__Activity__
Would you output the entries below only from the line containing "Kako to obično" through the line containing "Po zamknięciu przodu", exactly as they stand and with both ends included?

:: Material shown ::

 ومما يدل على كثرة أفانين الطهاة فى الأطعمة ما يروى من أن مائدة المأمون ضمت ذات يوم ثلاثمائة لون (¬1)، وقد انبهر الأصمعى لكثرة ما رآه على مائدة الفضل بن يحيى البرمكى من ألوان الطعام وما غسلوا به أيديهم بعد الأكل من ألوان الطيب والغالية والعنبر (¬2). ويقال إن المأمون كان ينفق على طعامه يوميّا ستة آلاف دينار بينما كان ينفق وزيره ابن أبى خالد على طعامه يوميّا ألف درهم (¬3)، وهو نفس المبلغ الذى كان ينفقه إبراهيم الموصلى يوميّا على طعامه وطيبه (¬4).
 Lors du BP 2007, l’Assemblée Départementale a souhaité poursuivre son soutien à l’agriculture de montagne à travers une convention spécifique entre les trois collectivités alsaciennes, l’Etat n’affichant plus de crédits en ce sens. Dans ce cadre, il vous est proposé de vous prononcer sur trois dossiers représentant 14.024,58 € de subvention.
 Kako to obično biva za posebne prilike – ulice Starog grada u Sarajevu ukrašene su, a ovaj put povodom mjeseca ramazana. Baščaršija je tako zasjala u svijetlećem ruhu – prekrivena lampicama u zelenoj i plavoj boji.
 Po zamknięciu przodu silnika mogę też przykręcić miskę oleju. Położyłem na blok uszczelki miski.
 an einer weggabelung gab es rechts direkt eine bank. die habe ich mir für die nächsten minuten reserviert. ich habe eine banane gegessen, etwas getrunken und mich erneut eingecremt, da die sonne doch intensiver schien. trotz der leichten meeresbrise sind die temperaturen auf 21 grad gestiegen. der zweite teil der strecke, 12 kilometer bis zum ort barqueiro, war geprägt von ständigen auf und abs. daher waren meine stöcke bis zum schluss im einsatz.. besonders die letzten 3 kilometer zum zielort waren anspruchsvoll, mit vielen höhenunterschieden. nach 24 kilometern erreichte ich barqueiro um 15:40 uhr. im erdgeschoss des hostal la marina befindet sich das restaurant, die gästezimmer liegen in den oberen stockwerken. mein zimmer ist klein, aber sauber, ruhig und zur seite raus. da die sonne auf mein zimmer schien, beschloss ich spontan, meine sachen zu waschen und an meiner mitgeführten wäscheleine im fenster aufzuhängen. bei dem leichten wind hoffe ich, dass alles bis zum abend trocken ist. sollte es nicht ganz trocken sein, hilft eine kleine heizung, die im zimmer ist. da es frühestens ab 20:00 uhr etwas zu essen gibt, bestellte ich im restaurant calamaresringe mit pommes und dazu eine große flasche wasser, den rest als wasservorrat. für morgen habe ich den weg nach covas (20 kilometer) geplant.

:::
:: Material shown ::

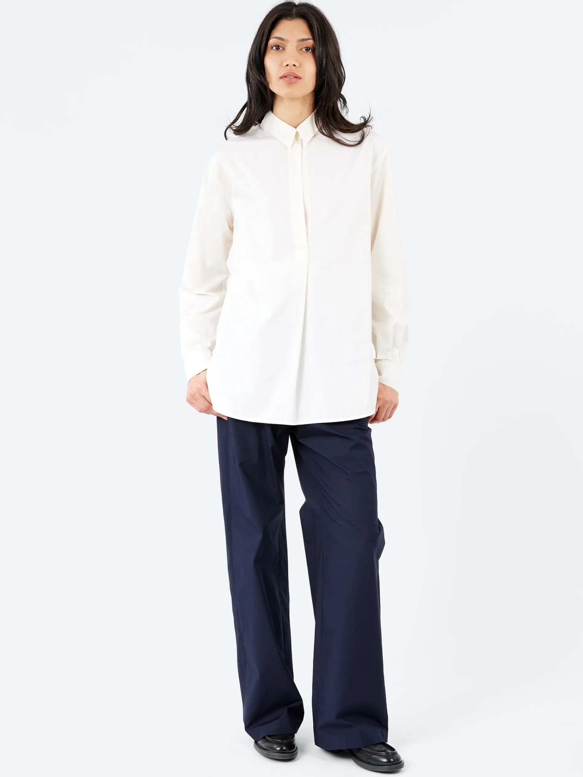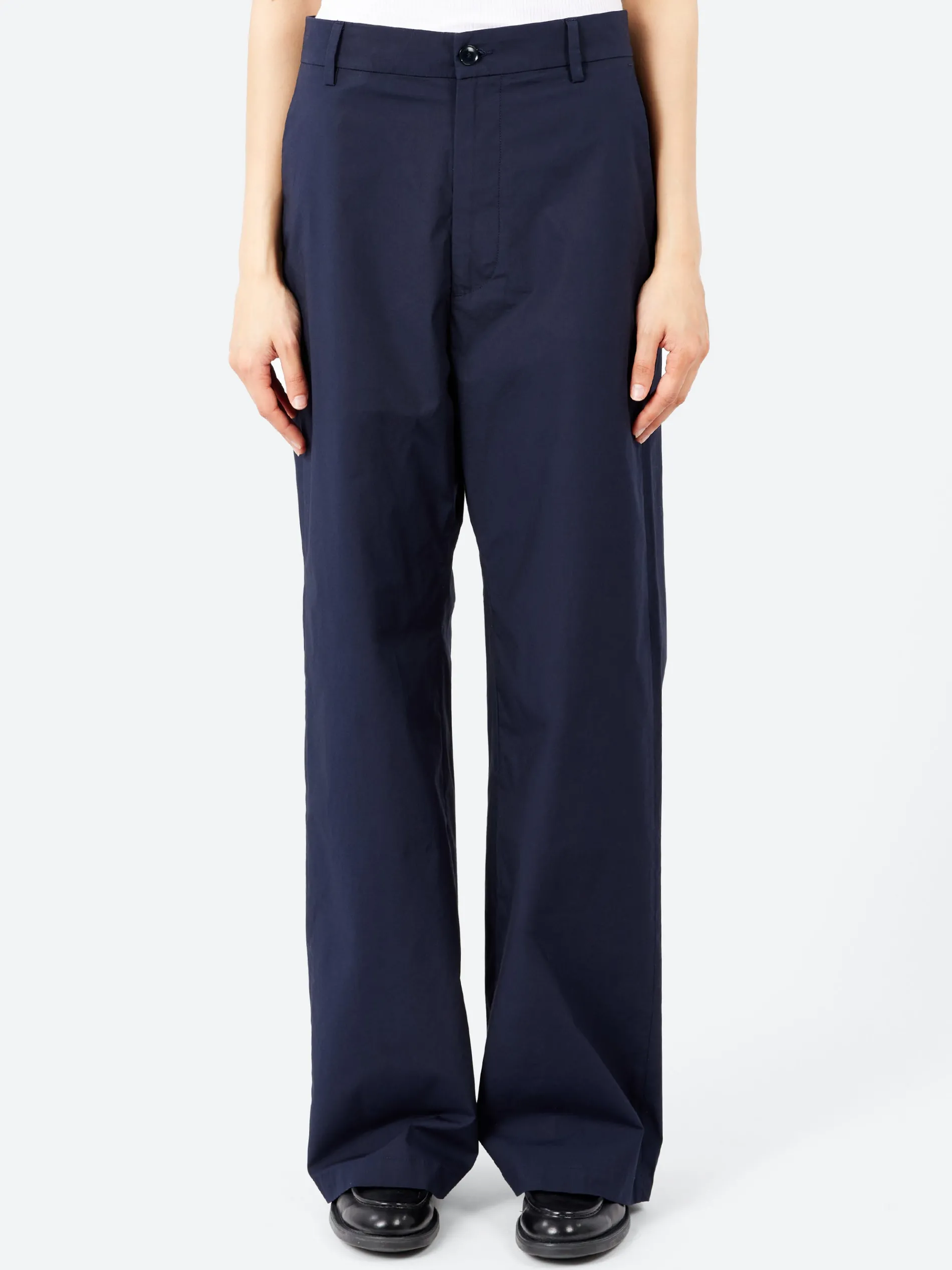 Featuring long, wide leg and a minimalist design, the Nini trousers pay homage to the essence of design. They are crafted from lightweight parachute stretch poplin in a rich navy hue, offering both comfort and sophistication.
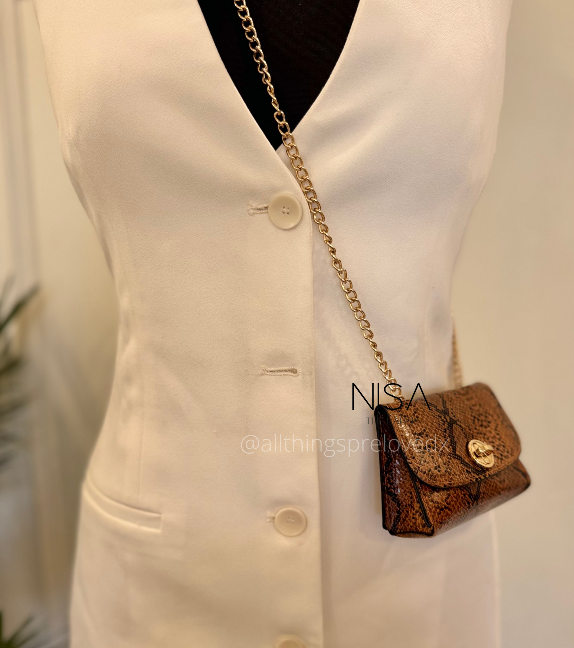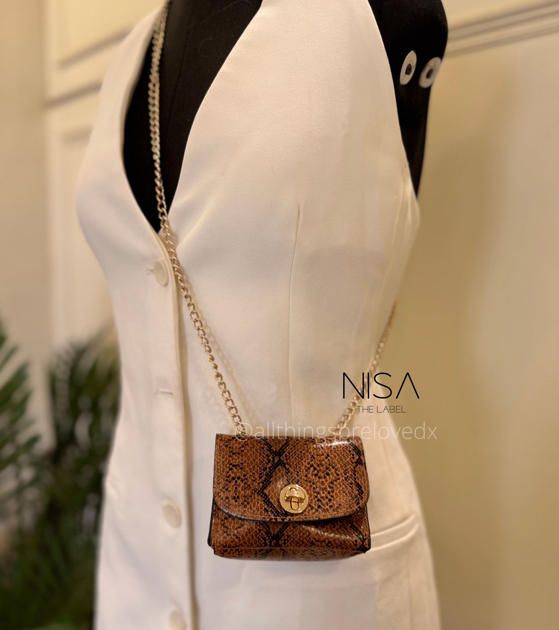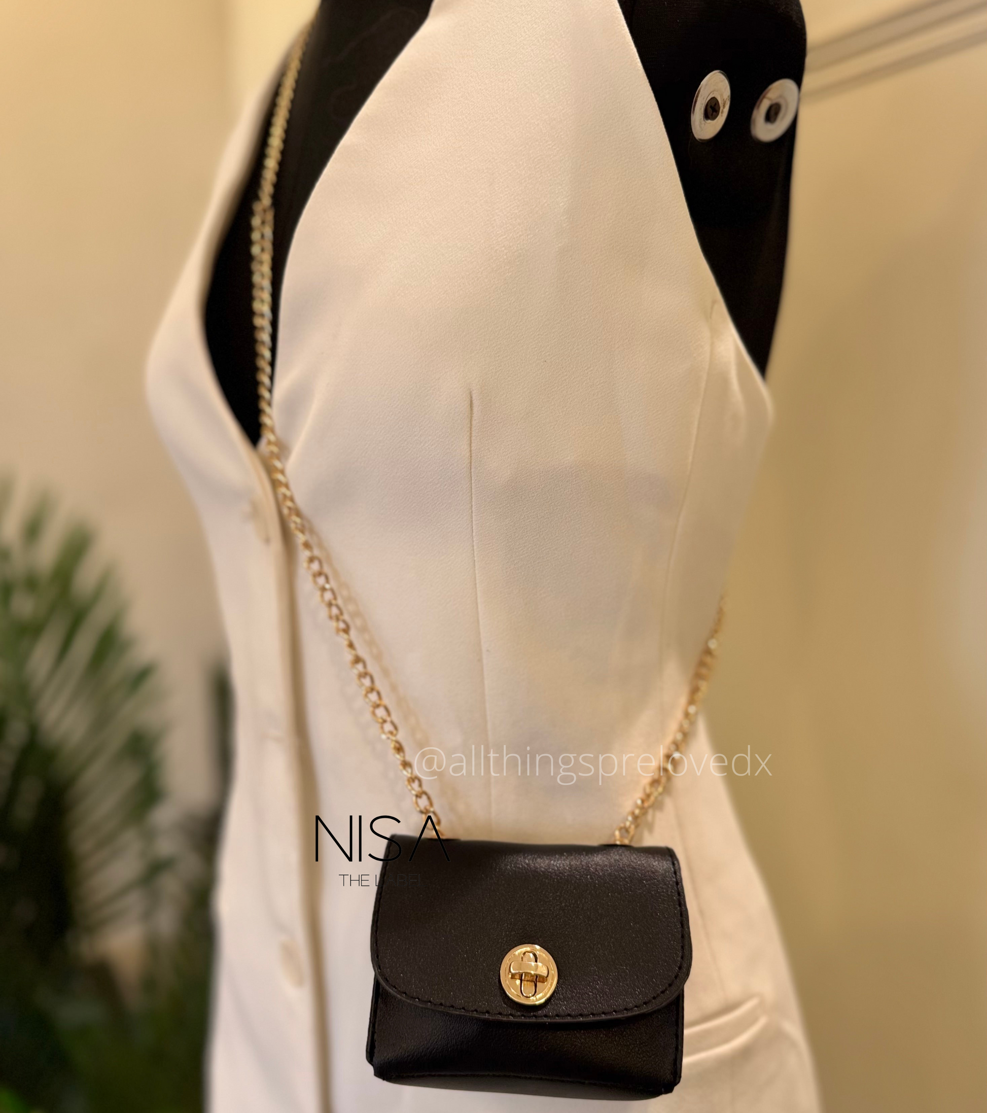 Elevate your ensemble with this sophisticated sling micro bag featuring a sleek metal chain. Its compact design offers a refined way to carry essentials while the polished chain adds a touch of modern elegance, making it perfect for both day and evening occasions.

:::

__Answer below__
 Kako to obično biva za posebne prilike – ulice Starog grada u Sarajevu ukrašene su, a ovaj put povodom mjeseca ramazana. Baščaršija je tako zasjala u svijetlećem ruhu – prekrivena lampicama u zelenoj i plavoj boji.
 Po zamknięciu przodu silnika mogę też przykręcić miskę oleju. Położyłem na blok uszczelki miski.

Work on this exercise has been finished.